- _Supplied material_:
⁂

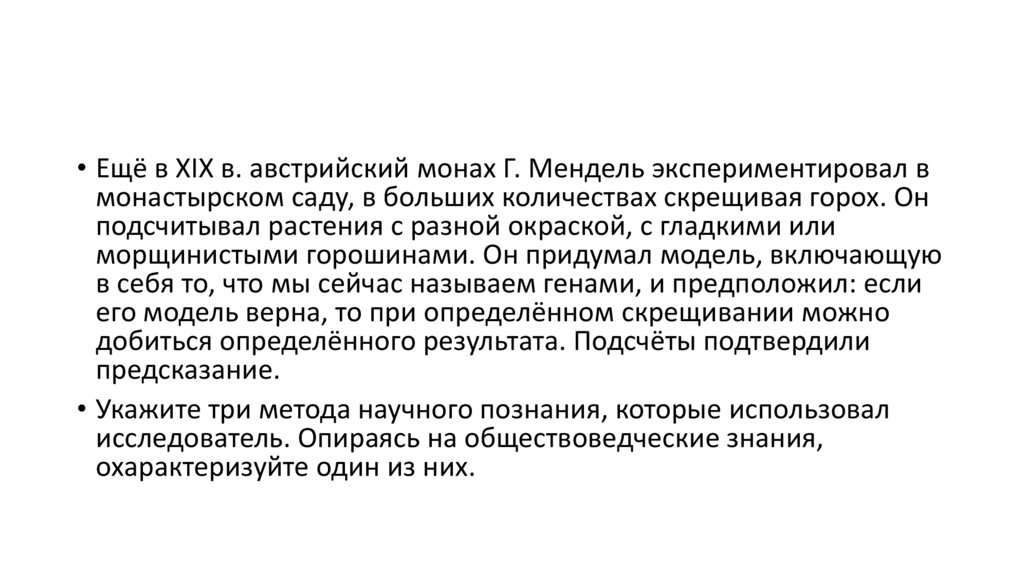 • Ещё в XIX в. австрийский монах Г. Мендель экспериментировал вмонастырском саду, в больших количествах скрещивая горох. Он
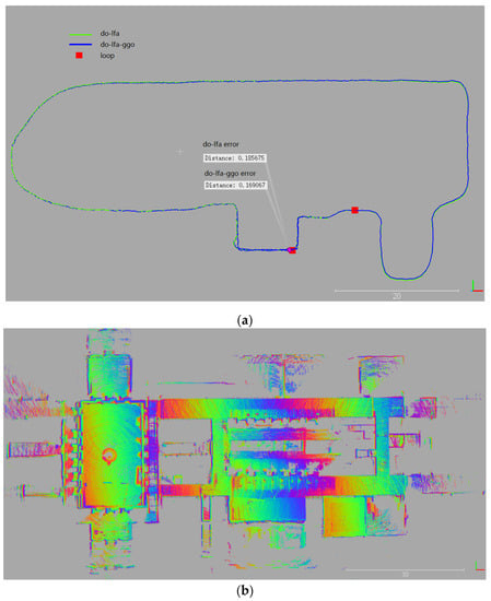 Figure 11 shows the trajectory and point clouds map of sequence #02 with and without GGO. Sequence #02 was an indoor scene of the Huawei Song Research Institute (Xibeipo Village, Songshan Lake, Dongguan) H5. Specifically, Figure 11a presents the comparison of the trajectories from the DO-LFA and DO-LFA-GGO method, while Figure 11b presents the point clouds map from the DO-LFA-GGO, noting that accuracy before GGO was already relatively high and that the point clouds were no longer compared after GGO.
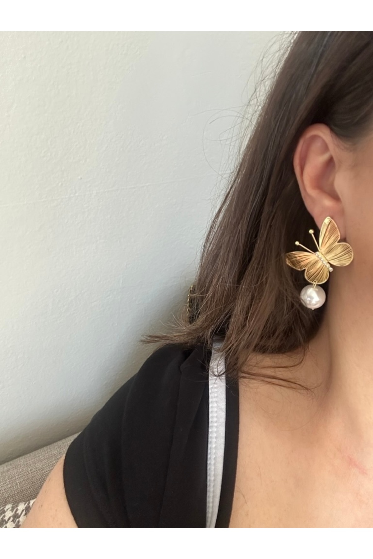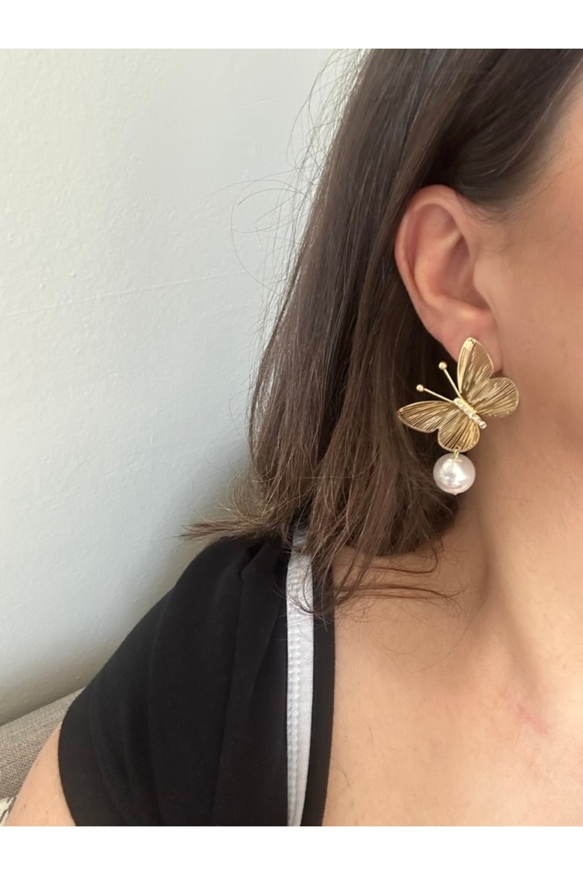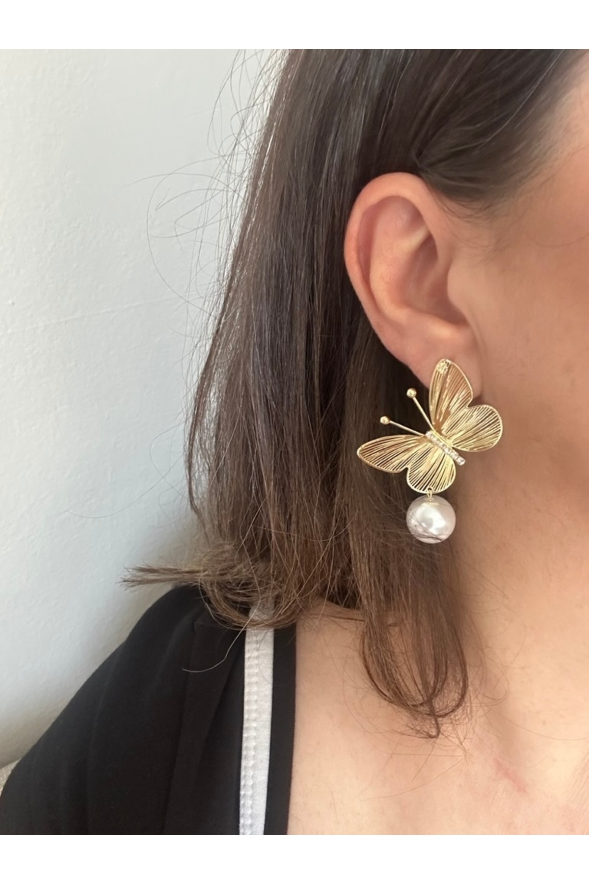 Kadın Gold Renk Kelebek Model Ucu İncili Zarif Şık Küpe Kadın Gold Renk Kelebek Model Ucu İncili Zarif Şık Küpe als.190 تک سایز

⁂

- _Your assignment_:
Return the full listing exactly as written, without any of its images.

- _The completed task_:
 • Ещё в XIX в. австрийский монах Г. Мендель экспериментировал вмонастырском саду, в больших количествах скрещивая горох. Он
 Figure 11 shows the trajectory and point clouds map of sequence #02 with and without GGO. Sequence #02 was an indoor scene of the Huawei Song Research Institute (Xibeipo Village, Songshan Lake, Dongguan) H5. Specifically, Figure 11a presents the comparison of the trajectories from the DO-LFA and DO-LFA-GGO method, while Figure 11b presents the point clouds map from the DO-LFA-GGO, noting that accuracy before GGO was already relatively high and that the point clouds were no longer compared after GGO.
 Kadın Gold Renk Kelebek Model Ucu İncili Zarif Şık Küpe Kadın Gold Renk Kelebek Model Ucu İncili Zarif Şık Küpe als.190 تک سایز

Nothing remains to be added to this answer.